SA’S medicines regulator has finally cleared its backlog of applications for registering new products, more than a year after its initial target of August 2021.

While the achievement boosts industry confidence in the authority and has improved patients’ access to medicines, critics say the SA Health Products Regulatory Authority (Sahpra) still takes too long to register new and potentially lifesaving medicines.

Sahpra inherited a backlog of more than 16,000 registration applications when it was formed from the Medicines Control Council in 2018.

The backlog included applications for new chemical entities, generic copies of older drugs no longer protected by patents and requests to make changes to formulations or suppliers of active pharmaceutical ingredients. Half the applications were five years or older, the oldest dating back to 1992.

Backed by funding from Treasury and external donors, Sahpra worked to reduce the backlog and redesign its processes.

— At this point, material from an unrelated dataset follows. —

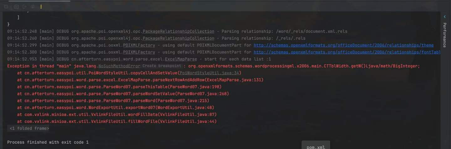 问题描述:执行Word模板填充功能时,使用EasyPoi库导出Word文档失败,抛出 NoSuchMethodError异常。
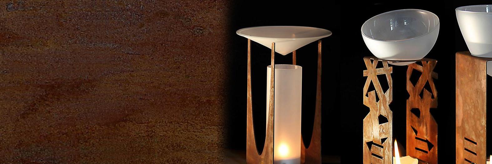 duftleuchte für teelichter und aromaöle/-essenzen, auch ohne duftessenz ein schönes tisch-windlicht aus cortenstahl und sattiniertem glas

Drug firms withdrew thousands of older applications for products no longer commercially viable, while Sahpra moved to get rid of duplicate applications and set systems in place so it could use the decisions made by stringent regulators such as the US Food and Drug Administration to speed up scrutiny of the dossiers it received from pharmaceutical companies.

“There has been an improvement, but Sahpra is under-capacitated and underfunded, and is not where it needs to be,” said Stavros Nicolaou, chairperson of the Pharmaceutical Task Group (PTG), which represents SA’S key associations for drug manufacturers. PTG’S members represent 80% of the SA market, and include the Innovative Pharmaceutical Association SA, Generic and Biosimilar Medicines of Southern Africa, Pharmaceuticals Made in SA, and the Self-care Association of SA.

Before Sahpra began tackling the backlog, it took between five and seven years to register new chemical entities, and three to four years to register generic medicines, said Nicolaou. The backlog project reduced the turnaround time to around 18 months, but Sahpra is still slower than many other stringent regulators, he said.

Cancer Alliance treatment advocate Salomé Meyer said Sahpra had prioritised registration applications for cancer medicines, but it still took far too long to approve new drugs. “It is all good and well to say that the backlog has been cleared.

“It remains however unacceptable that it takes SAHPRA more than two years to approve a molecule that is in fact lifesaving,” she said.

The Cancer Alliance is an association of NPOS focused on improving cancer care.

Meyer said patients could access unregistered products imported from countries that had approved them using an exemption to the Medicines Act, but this mechanism was expensive and not widely used.